- WORK ITEM: Go to the line containing "Ergonomic Design &" and retype it and every later line exactly as written, up to the last line of the entries. Keep pictures out.

- PROVIDED DATA:
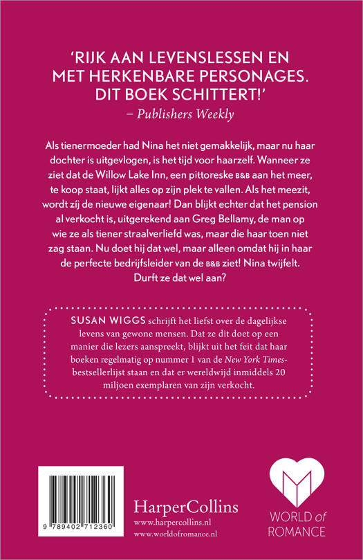 Als tienermoeder had Nina het niet gemakkelijk, maar nu haar dochter is uitgevlogen, is het tijd voor haarzelf. Wanneer ze ziet dat de Willow Lake Inn, een pittoreske b&baan het meer, te koop staat, lijkt alles op zijn plek te vallen. Als het meezit, wordt zíj de nieuwe eigenaar! Dan blijkt echter dat het pension al verkocht is, uitgerekend aan Greg Bellamy, de man op wie ze als tiener straalverliefd was, maar die haar toen niet zag staan. Nu doet hij dat wel, maar alleen omdat hij in haar de perfecte bedrijfsleider van de b&bziet! Nina twijfelt. Durft ze dat wel aan?
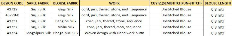 | Note | Stitching available on customer Requirment For Sarees , Salwar Kameez, Lehengha.(i.e M,L,XL,XXL). |
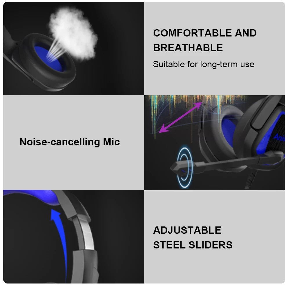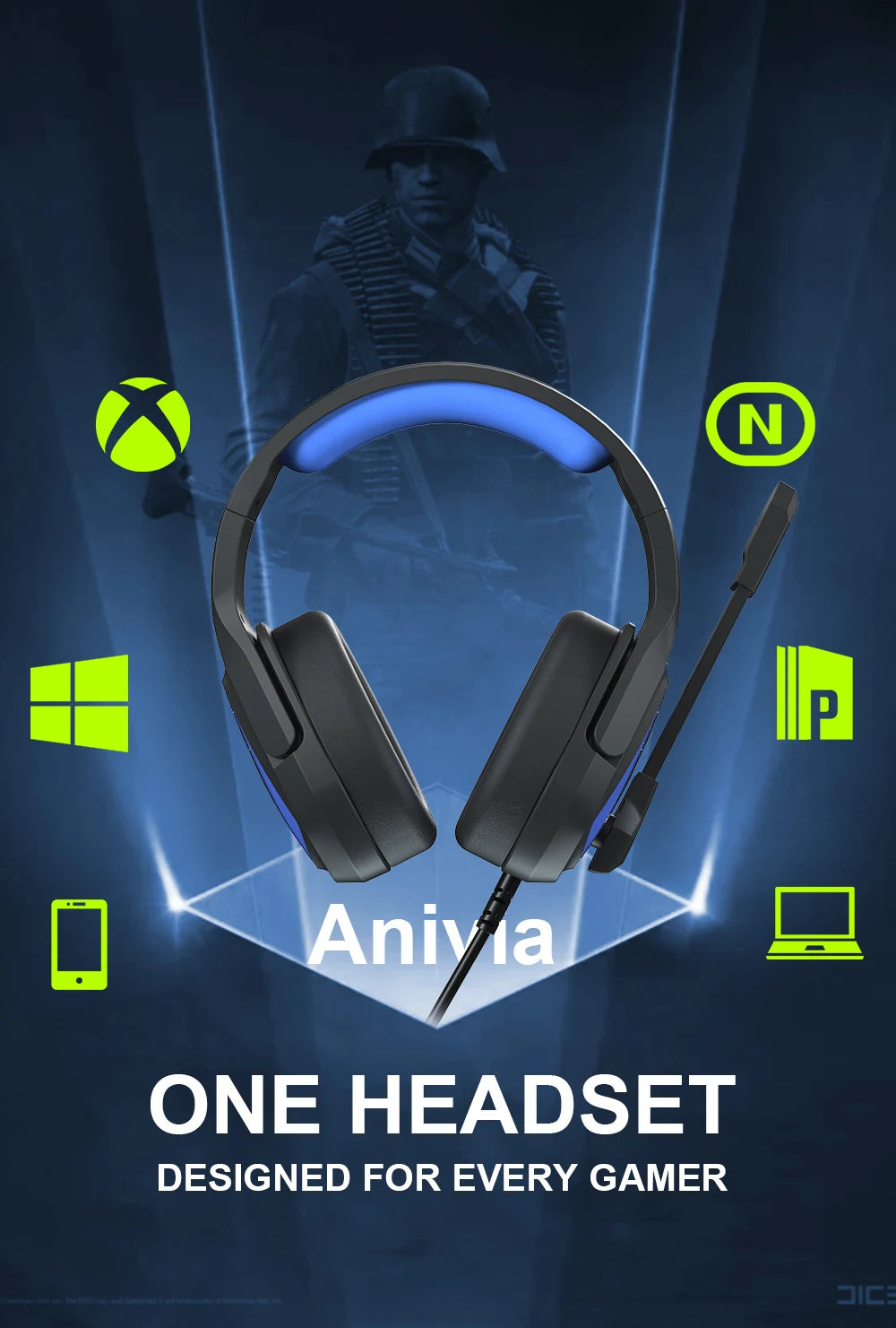 Ergonomic Design & Memory Foam Earmuffs- Anivia gaming headsets designed double padded headbands not only good for reducing head pressure but also suitable for various head shapes. This headset is equipped with soft earmuffs, which can effectively reduce heat accumulation and reduce head pressure, allowing you to enjoy comfort even when playing games for a long time.
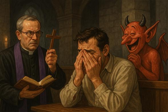 Un exorcista, c’est l’art de dire : « Dehors le démon ! » Mais parfois, le démon est moins effrayant qu’embarrassant. Aujourd’hui, place à l’exorcisme des pensées impures.
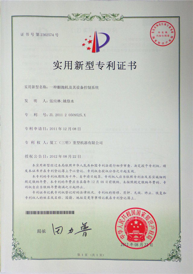 一種翻拋機及其設備控制系統(tǒng)ZL2011 2 0509525
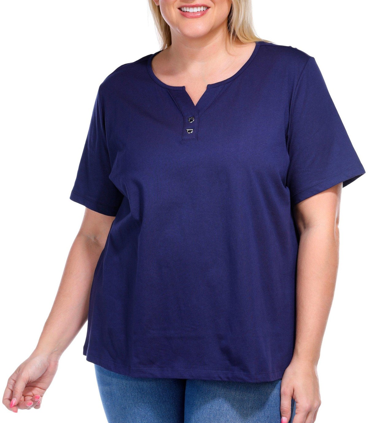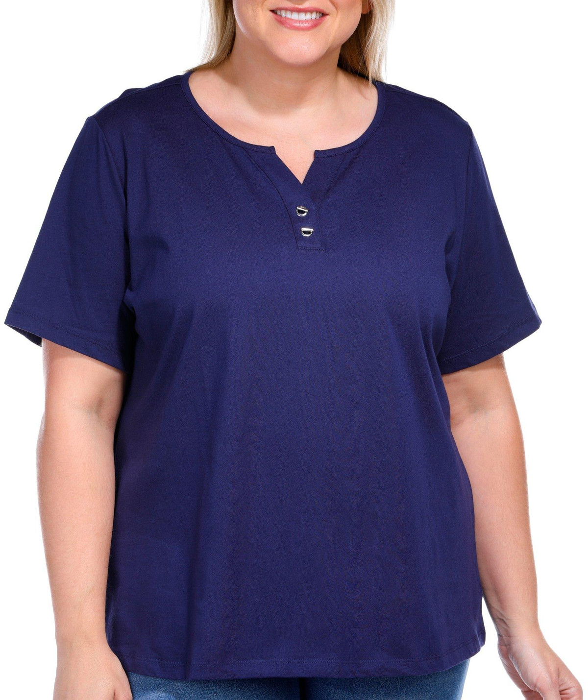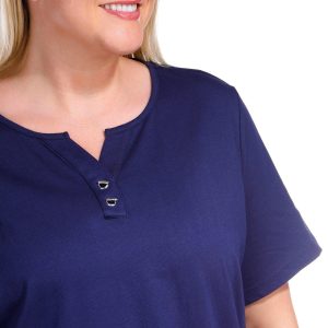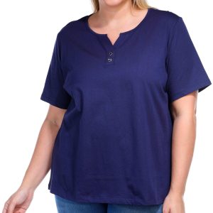 Experience effortless style and comfort with the 100% Cotton Solid V-Neckline Clasp Short Sleeve Top. Measuring approximately 26 inches in length, this versatile piece offers a flattering fit that suits any wardrobe. The elegant V-neckline, paired with a subtle clasp detail, adds a touch of sophistication, making it perfect for both casual and semi-formal occasions.

- SOLUTION TO THE EXERCISE:
 Ergonomic Design & Memory Foam Earmuffs- Anivia gaming headsets designed double padded headbands not only good for reducing head pressure but also suitable for various head shapes. This headset is equipped with soft earmuffs, which can effectively reduce heat accumulation and reduce head pressure, allowing you to enjoy comfort even when playing games for a long time.
 Un exorcista, c’est l’art de dire : « Dehors le démon ! » Mais parfois, le démon est moins effrayant qu’embarrassant. Aujourd’hui, place à l’exorcisme des pensées impures.
 一種翻拋機及其設備控制系統(tǒng)ZL2011 2 0509525
 Experience effortless style and comfort with the 100% Cotton Solid V-Neckline Clasp Short Sleeve Top. Measuring approximately 26 inches in length, this versatile piece offers a flattering fit that suits any wardrobe. The elegant V-neckline, paired with a subtle clasp detail, adds a touch of sophistication, making it perfect for both casual and semi-formal occasions.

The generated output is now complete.